Константин просиял так, что даже попытался немедленно скрыть это, опустив глаза к плану — получилось плохо. Филипп заметил, Татьяна тоже. В комнате на секунду стало очень тихо.
Первое чтение началось с того, что Константин потерял нужную книгу. Он нашёл её под планом гостиной, успел обвинить в этом сквозняк и встал у ширмы. На этот раз в руках у него была тонкая русская книжка в мягкой обложке, потрёпанная по углам, с несколькими листами, вложенными внутрь. Филипп, увидев имя автора, не взял её сразу — только посмотрел на обложку, потом на Константина.
— Горький? — спросил он. — Это даже не пьеса.
Константин уже успел раскрыть книгу на нужном месте и потому ответил не сразу. Палец его стоял между страницами, удерживая найденный кусок, будто текст мог сбежать обратно в переплёт, если дать ему свободу.
— Да.
— Наш батюшка разрешил домашний спектакль при условии, что лично одобрит постановку.

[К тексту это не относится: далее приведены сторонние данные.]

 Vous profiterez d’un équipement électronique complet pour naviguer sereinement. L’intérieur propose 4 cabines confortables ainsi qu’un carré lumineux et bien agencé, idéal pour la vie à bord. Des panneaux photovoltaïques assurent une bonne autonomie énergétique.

Ты решили начать с автора, которого ему будет приятно запретить ещё на фамилии?
Константин поднял глаза. В них вспыхнула досада почти болезненная: Филипп ударил по той хрупкой конструкции будущего, которую Костя весь день тащил из бумаги в комнату, из комнаты — в голос, из голоса — в возможность жить дальше. Он не ответил сразу, и Татьяна Алексеевна, сидевшая в кресле сбоку с карандашом и планом на коленях, заметила, как старший Юрьев на секунду прижал книгу к себе плотнее.
— Он может запретить, — сказал Константин наконец. — Но если выслушает меня — может быть, нет.

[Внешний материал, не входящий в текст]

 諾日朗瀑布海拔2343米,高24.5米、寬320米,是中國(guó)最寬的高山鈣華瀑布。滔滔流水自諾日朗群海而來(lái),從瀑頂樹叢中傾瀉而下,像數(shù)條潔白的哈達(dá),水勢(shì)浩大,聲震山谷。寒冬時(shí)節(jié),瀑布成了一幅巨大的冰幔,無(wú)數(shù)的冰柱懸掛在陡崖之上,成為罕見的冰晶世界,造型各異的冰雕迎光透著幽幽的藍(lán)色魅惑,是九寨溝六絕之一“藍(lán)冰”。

— Ты переоцениваешь его желание слушать.
Филипп чуть поднял бровь. Татьяна не вмешалась.
— У этой вещи хороший посыл, — сказал Константин, уже тише, но упрямее. — Добрый, настоящий — там не про бунт ради бунта и не про то, чтобы всё поджечь. Там про людей, которые заблудились, испугались, озверели от темноты, и про того, кто всё равно не бросил их. Про сердце, которое светит не потому, что ему выгодно. Разве это так страшно для фамилии?
Филипп молчал. На слове «сердце» лицо его едва заметно изменилось. После Шотландии всякая история о человеке, который отдаёт себя другим, звучала подозрительно. Лесли тоже умел говорить о долге и спасении, но в Костином голосе был голод: ему нужно было поверить, что разбитое сердце может не только мешать есть, дышать и ждать письма сыщика, но и светить хоть кому-нибудь.

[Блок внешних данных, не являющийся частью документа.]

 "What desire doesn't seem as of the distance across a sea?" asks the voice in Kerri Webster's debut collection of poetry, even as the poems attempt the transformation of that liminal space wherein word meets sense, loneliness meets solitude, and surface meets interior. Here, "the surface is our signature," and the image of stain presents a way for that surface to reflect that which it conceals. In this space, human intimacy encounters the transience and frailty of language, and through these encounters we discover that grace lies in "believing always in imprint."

Татьяна взяла книгу из его рук. Константин отдал неохотно. Страницы были испещрены карандашными чертами. Кое-где на полях стояли его пометки: «пауза», «не кричать», «здесь тише», «не героизировать». Последняя заставила Татьяну задержать взгляд. Значит, он понимал опасность. Это была попытка поймать в тексте точное место между подвигом и фальшивым триумфом. Она перелистнула назад, к началу выбранного фрагмента, и увидела распределение ролей на вложенном листе. Константин — Данко. Филипп — один из людей, заблудившихся в лесу, тот, кто говорит не от злобы даже, а от усталости и страха. Татьяна — старуха Изергиль. Напротив её имени Костя поставил вопросительный знак, потом зачеркнул, потом написал твёрже: «Т. А.»
— Вы чрезвычайно смелы, Константин Филиппович, — сказала она.
Он насторожился.
— Это отказ?
— Я с удовольствием поучаствую в Ваших репетициях в Лондоне, но, думаю, в Петербурге Вам лучше подыскать другую исполнительницу для этой роли.
Филипп посмотрел на лист ролей и, увидев своё назначение, сухо усмехнулся.
— Прекрасно. Мне досталась толпа.
— Не вся, — сказал Константин. — Один голос из неё. Просто человек, которому страшно и который от страха начинает требовать невозможного от того, кто ведёт.
Филипп опустил глаза к странице. Татьяна заметила, как его пальцы на нижнем краю листа чуть сжались. Константин, может быть, выбрал это случайно, может быть, нет.
Константин встал на условное место сцены. Он хотел было начать сразу, но Татьяна остановила его, подняв руку:
— Нет. Если я Изергиль, то Вы не начнёте с Данко. Вы сначала должны дать мне место.
— Место?
— Старуха не висит в воздухе до Вашего героического появления. Она сидит, смотрит, помнит и, вероятно, устала от молодых людей.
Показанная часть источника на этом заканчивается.